■ About this exercise: Reproduce the listing in full. Omit the pictures.

■ Raw data:
* * * * *

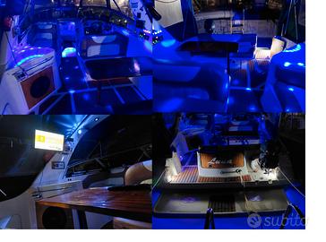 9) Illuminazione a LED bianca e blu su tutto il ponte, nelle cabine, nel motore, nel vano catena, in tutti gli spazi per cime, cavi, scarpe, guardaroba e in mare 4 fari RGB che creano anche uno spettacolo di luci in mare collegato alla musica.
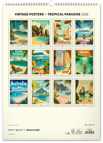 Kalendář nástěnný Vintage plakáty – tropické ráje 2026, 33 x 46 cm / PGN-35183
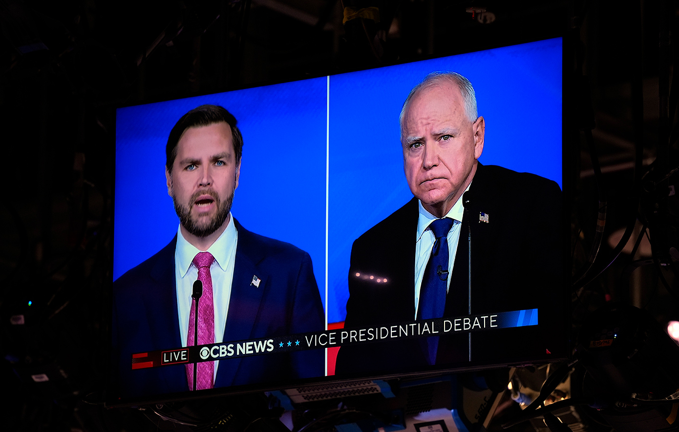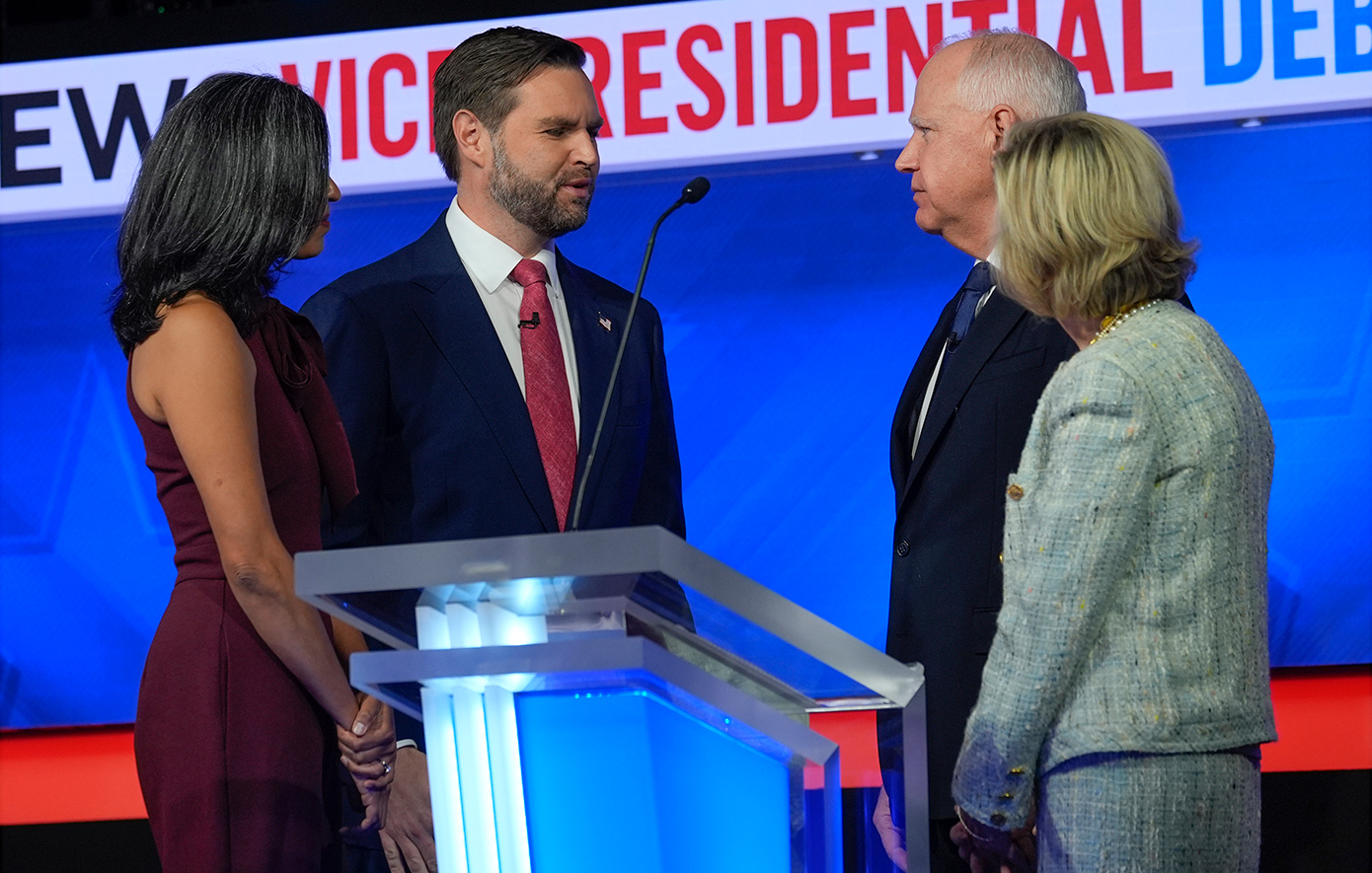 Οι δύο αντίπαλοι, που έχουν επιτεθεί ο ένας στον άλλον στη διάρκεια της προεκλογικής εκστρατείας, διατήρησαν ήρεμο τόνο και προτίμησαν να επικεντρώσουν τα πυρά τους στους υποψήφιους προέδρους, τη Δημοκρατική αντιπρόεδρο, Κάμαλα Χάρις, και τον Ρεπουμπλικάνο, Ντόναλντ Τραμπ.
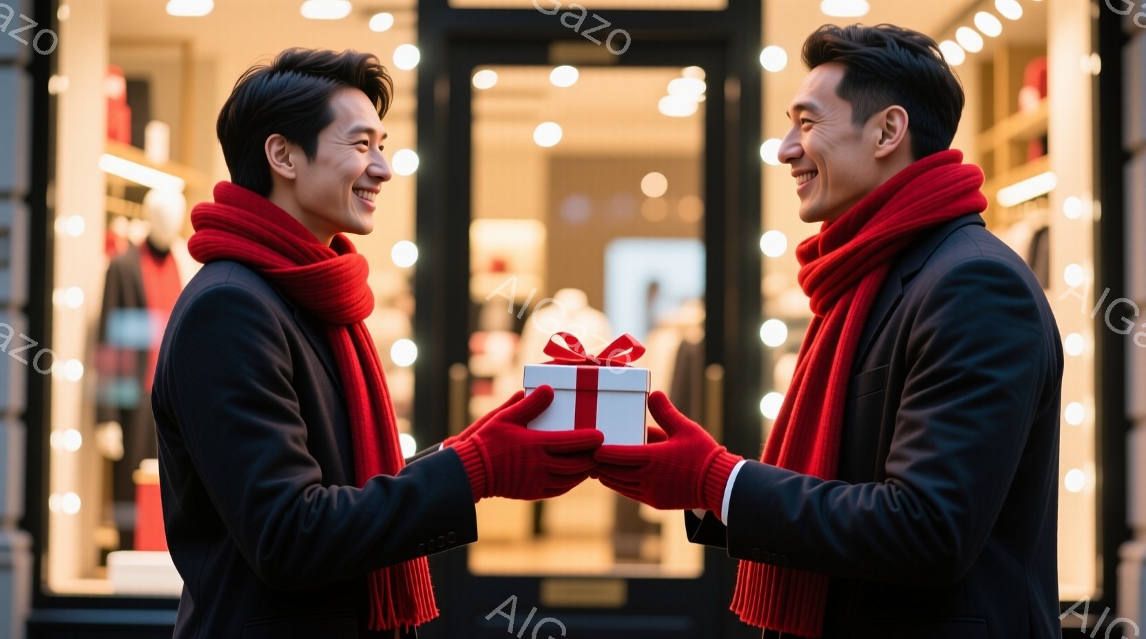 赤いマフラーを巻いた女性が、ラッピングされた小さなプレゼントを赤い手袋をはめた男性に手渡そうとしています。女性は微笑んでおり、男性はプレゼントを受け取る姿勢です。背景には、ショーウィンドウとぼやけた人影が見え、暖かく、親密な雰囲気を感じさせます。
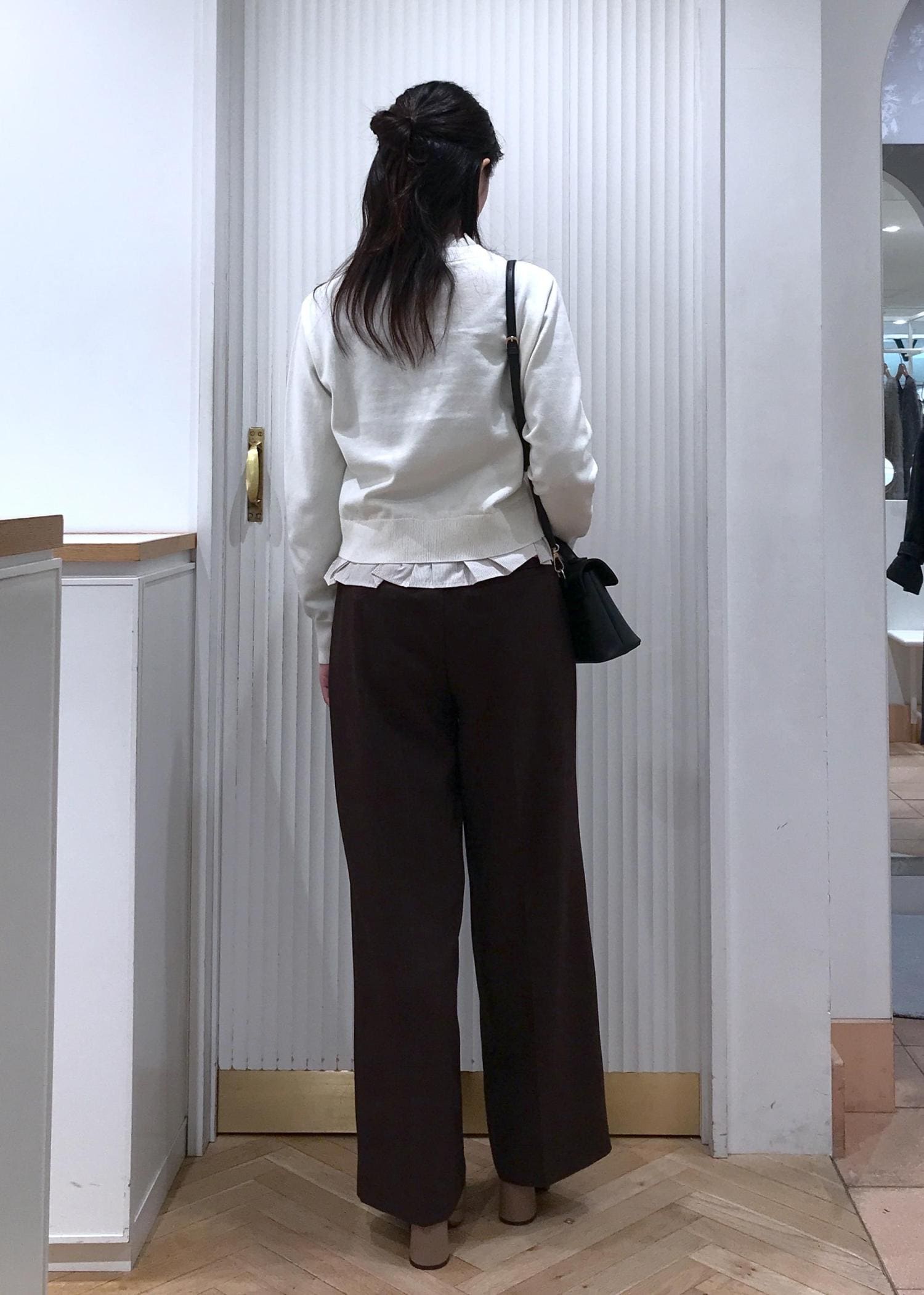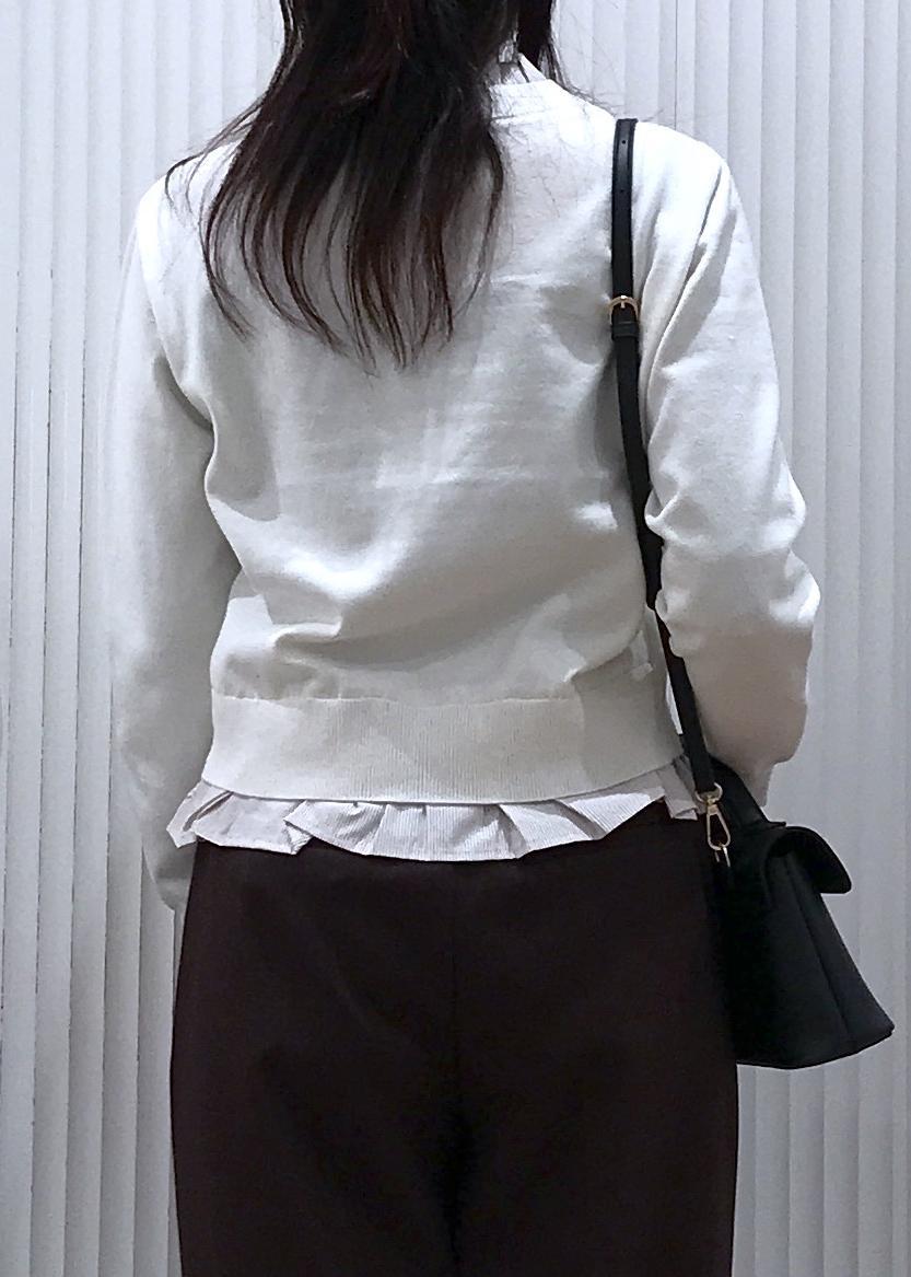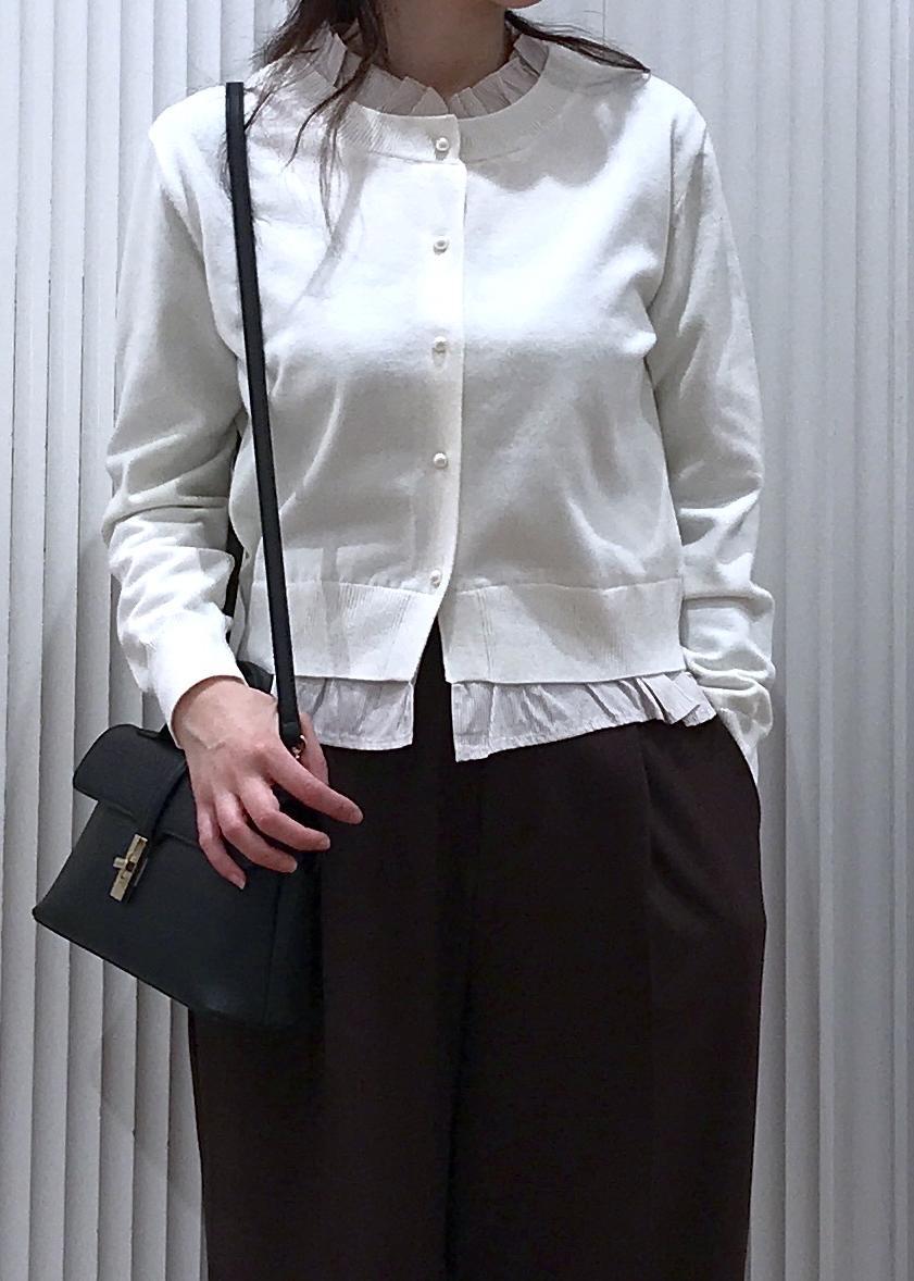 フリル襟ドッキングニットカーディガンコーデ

* * * * *

■ Solution for this exercise:
 9) Illuminazione a LED bianca e blu su tutto il ponte, nelle cabine, nel motore, nel vano catena, in tutti gli spazi per cime, cavi, scarpe, guardaroba e in mare 4 fari RGB che creano anche uno spettacolo di luci in mare collegato alla musica.
 Kalendář nástěnný Vintage plakáty – tropické ráje 2026, 33 x 46 cm / PGN-35183
 Οι δύο αντίπαλοι, που έχουν επιτεθεί ο ένας στον άλλον στη διάρκεια της προεκλογικής εκστρατείας, διατήρησαν ήρεμο τόνο και προτίμησαν να επικεντρώσουν τα πυρά τους στους υποψήφιους προέδρους, τη Δημοκρατική αντιπρόεδρο, Κάμαλα Χάρις, και τον Ρεπουμπλικάνο, Ντόναλντ Τραμπ.
 赤いマフラーを巻いた女性が、ラッピングされた小さなプレゼントを赤い手袋をはめた男性に手渡そうとしています。女性は微笑んでおり、男性はプレゼントを受け取る姿勢です。背景には、ショーウィンドウとぼやけた人影が見え、暖かく、親密な雰囲気を感じさせます。
 フリル襟ドッキングニットカーディガンコーデ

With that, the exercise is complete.